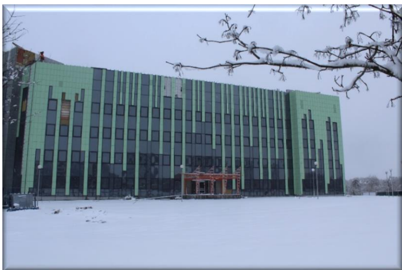
«Строительство детской поликлиники в г. Жодино»

Объекты здравоохранения 14 560,0 тыс.руб. (39,6%)
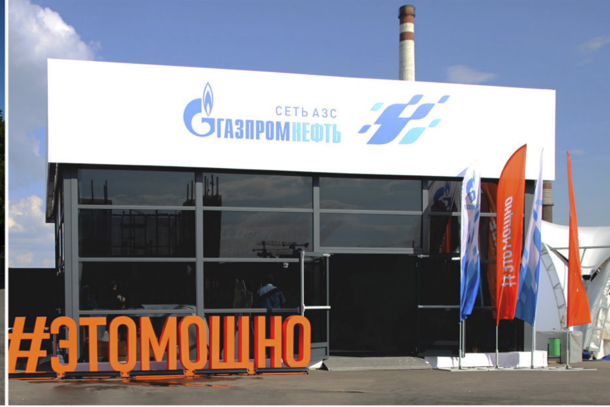
ЧЕМПИОНАТ МИРА ПО ХОККЕЮ. МОСКВА, 2016г.
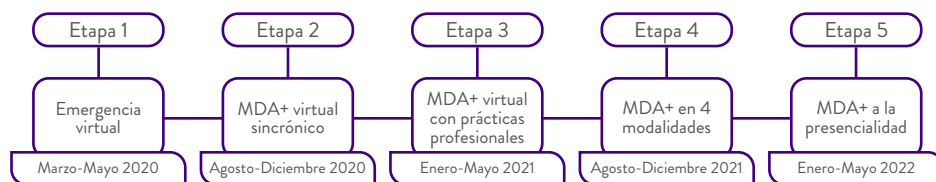
Figura 1: Proceso de adecuación del MDA+

El MDA+ fue adecuándose según las exigencias gubernamentales y las necesidades de la UM en los distintos momentos del desarrollo de la pandemia, para una mayor atención a los estudiantes y sus familias. Desde sus inicios hasta la fecha, este proceso ha pasado por cinco etapas (ver figura 1).
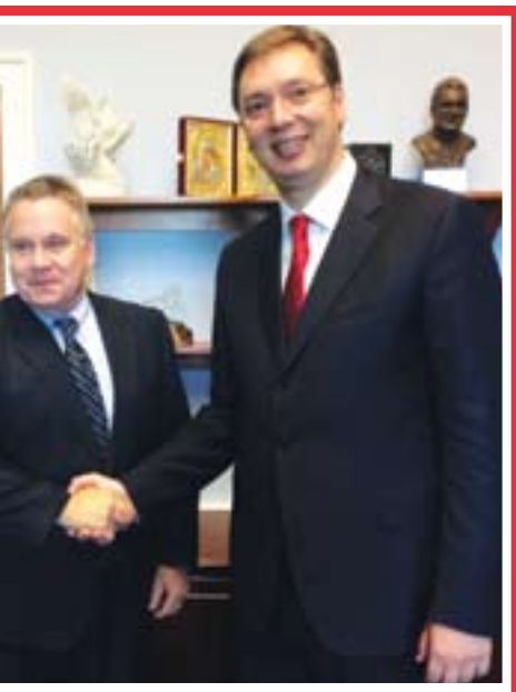
Са конгресменом Крисом Смитом, председавајућим Хелсиншке комисије

„Директорка Лагард похвалила је наш раст и поздравила економски курс српске Владе. ММФ поштује нашу одговорност. Разговарали смо о повећању плата и пензија, и заједнички закључак је да Србија несумњиво иде напред, што ће договор са ММФ-ом и показати. Очекујем још боље резултате у 2016. и 2017. години“, истакао је премијер Вучић.
********************
§ **WHAT THE TASK REQUIRES**
This exercise asks for an exact copy of the lines from the first one in the data through the line that contains "Figura 1: Proceso de adecuación del MDA+", pictures excluded.

§ **RESPONSE TO THE EXERCISE**
«Строительство детской поликлиники в г. Жодино»

Объекты здравоохранения 14 560,0 тыс.руб. (39,6%)
ЧЕМПИОНАТ МИРА ПО ХОККЕЮ. МОСКВА, 2016г.
Figura 1: Proceso de adecuación del MDA+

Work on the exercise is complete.